Poetry should be a place of risk—a place where the usual rules evaporate, where the old gods of grammar and good taste are thrown into question. I want poems that make something rattle in my chest, that argue with the world instead of politely agreeing with it. The maverick poet isn’t an aberration, but the living, necessary pulse of the art. We need them precisely because they don’t make things easy, because they aren’t interested in blending in.

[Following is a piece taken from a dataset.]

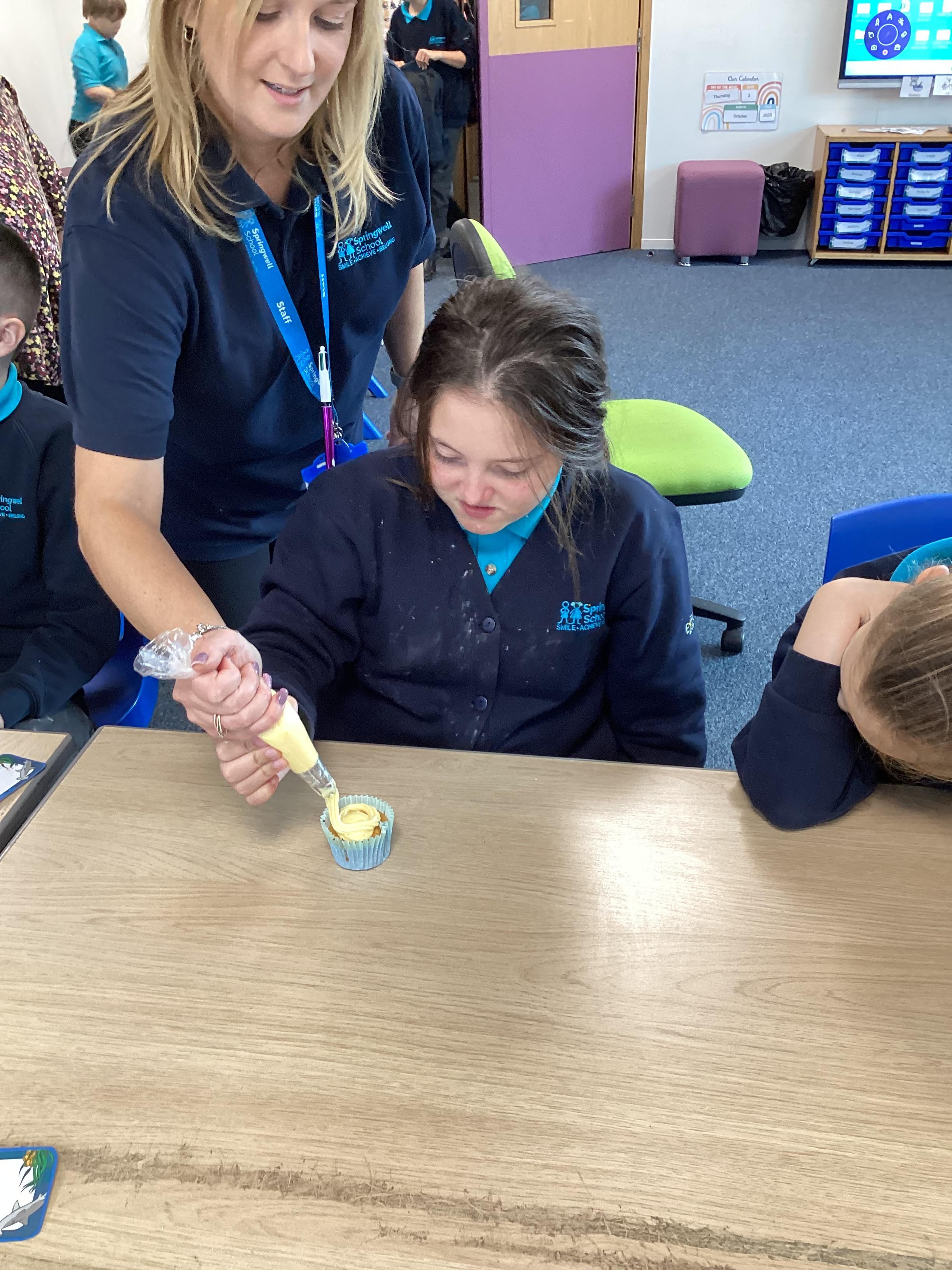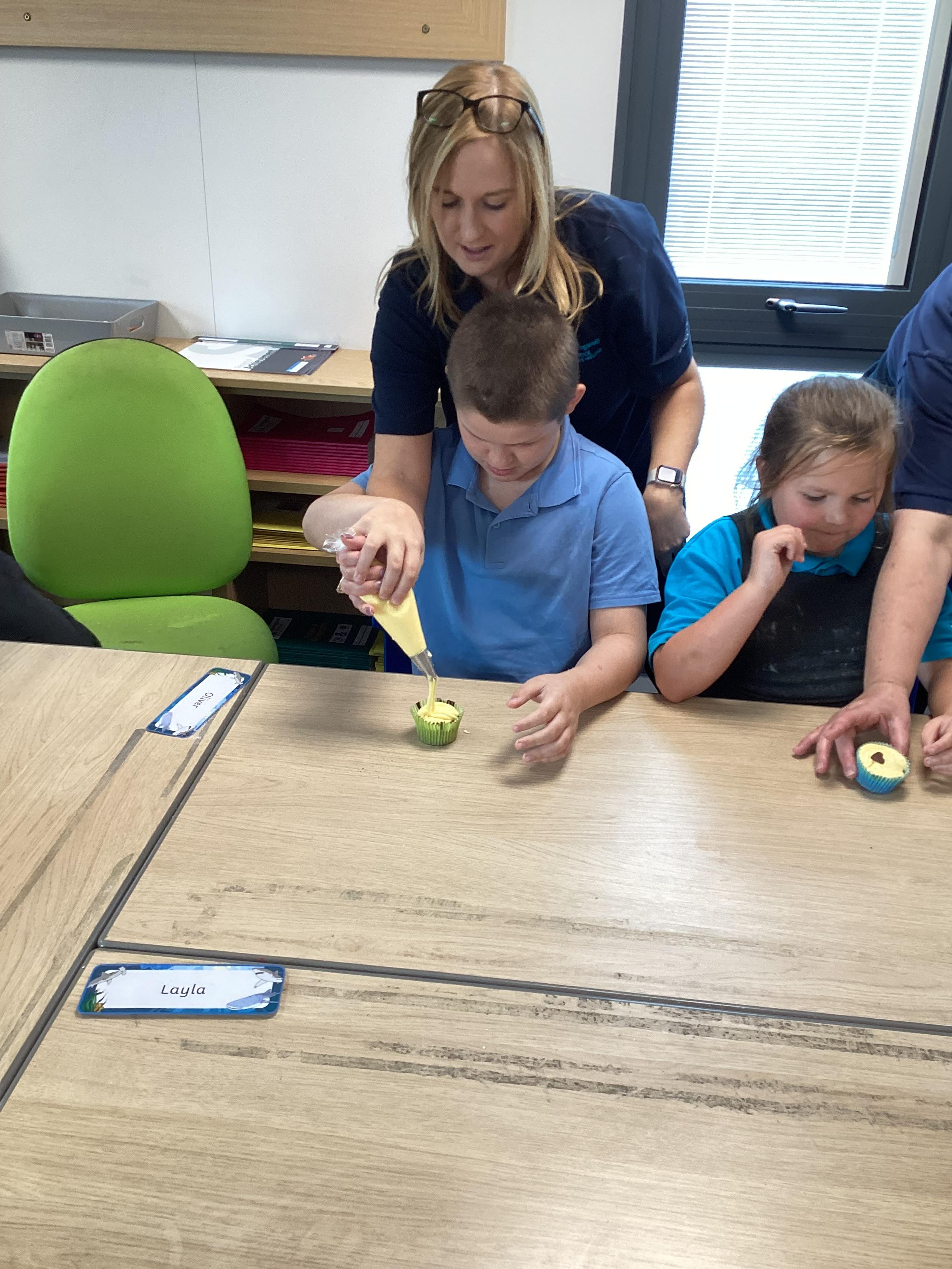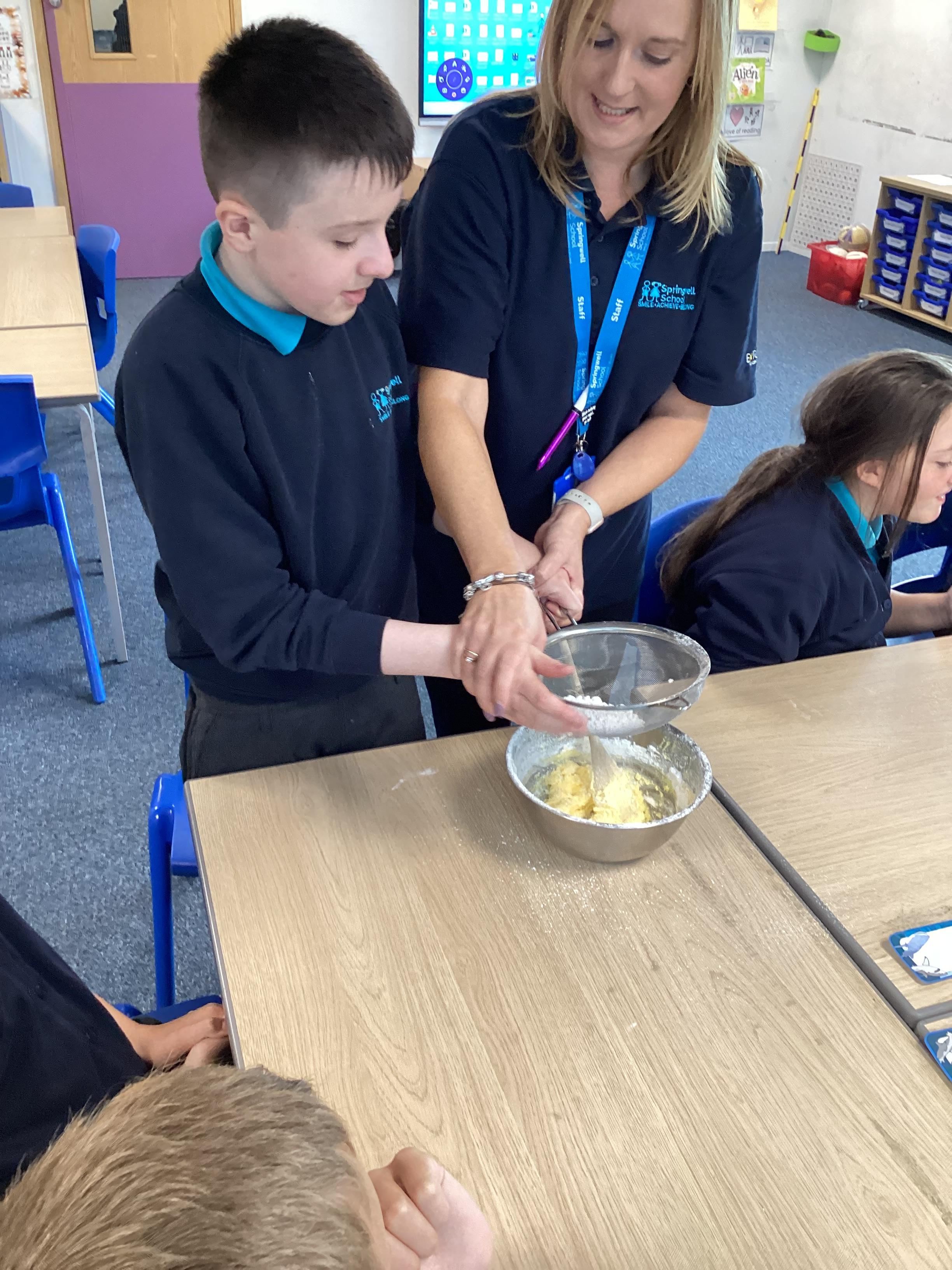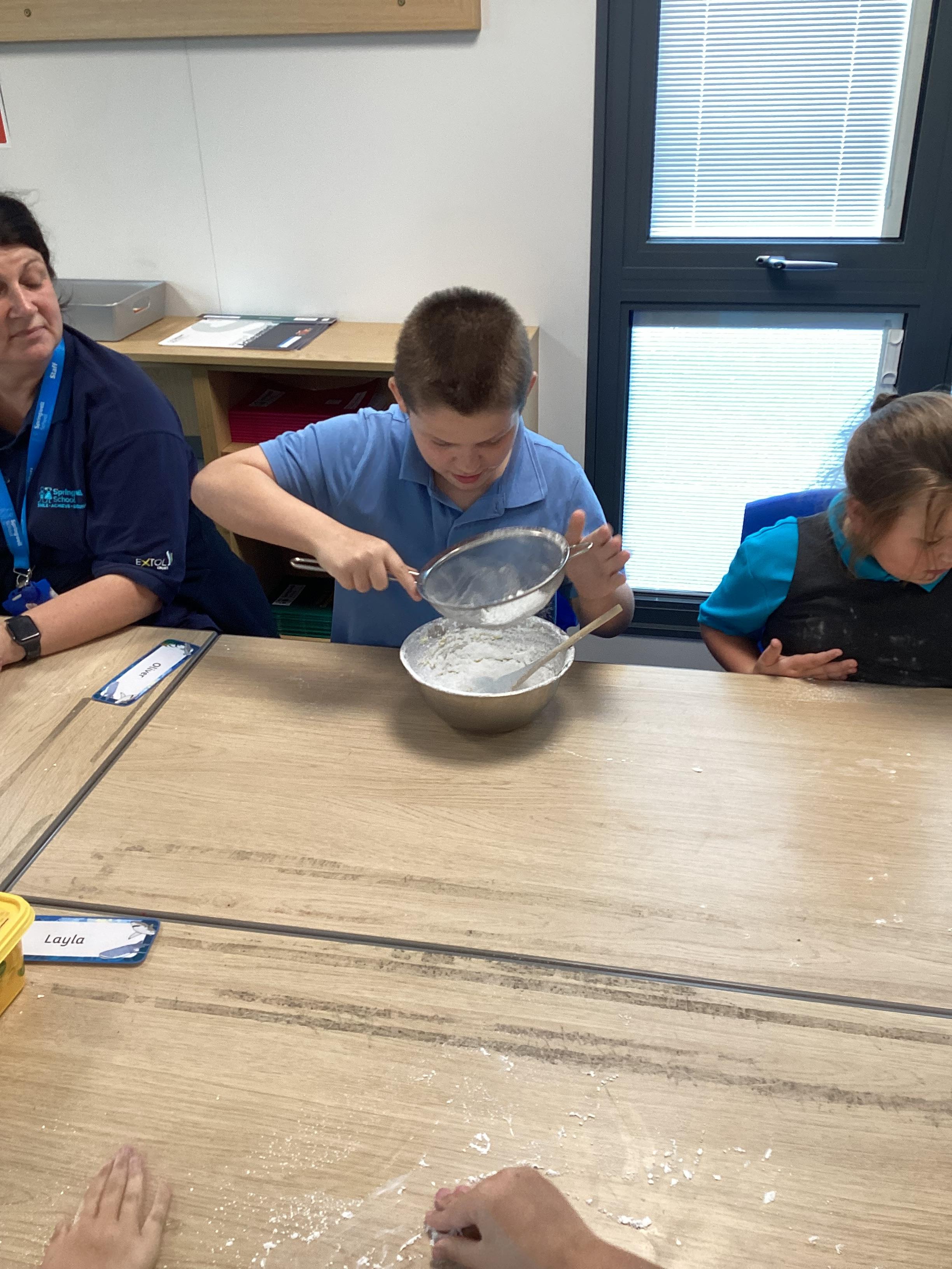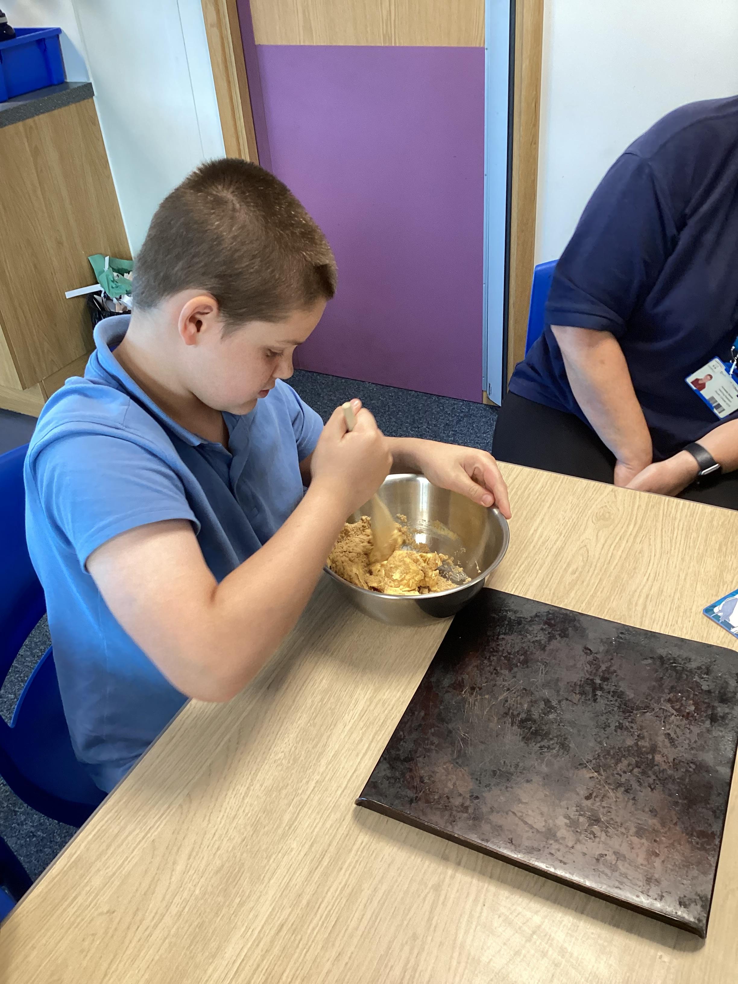Wednesday 1st October 2025 - In Cookery today, we made some cakes. We took our time measuring out the ingredients. We then took turns to mix the ingredients and put the mixture into the cake cases.

There’s something deeply broken about a system that punishes poets for refusing to conform, as if the only poetry that matters is poetry that doesn’t make a mess. Real poems leave a mark. They bruise. They don’t apologize for being too much, or not enough, or unfinished, or raw. I have no interest in perfection. I want the poem that limps, that spits, that stumbles into the room with its heart still beating in its hands.
Maybe the work, then, is to build a publishing world where those voices aren’t just tolerated, but cherished. Where editors become allies in rebellion, not wardens of taste. Where difference isn’t something to be corrected, but something to be amplified. I want a press that’s messy, honest, awake—a home for the ones who never learned how to follow the script.
In the end, what matters is that the work remains wild, that it keeps asking questions no one else thought to ask. Poetry is not a parade of tidy truths; it’s a revolt against silence. I want to stand with the poets who refuse to shut up, who keep inventing new ways to shout, to mourn, to love, to remember. The ones who understand that the only real rule is to remain, above all, yourself.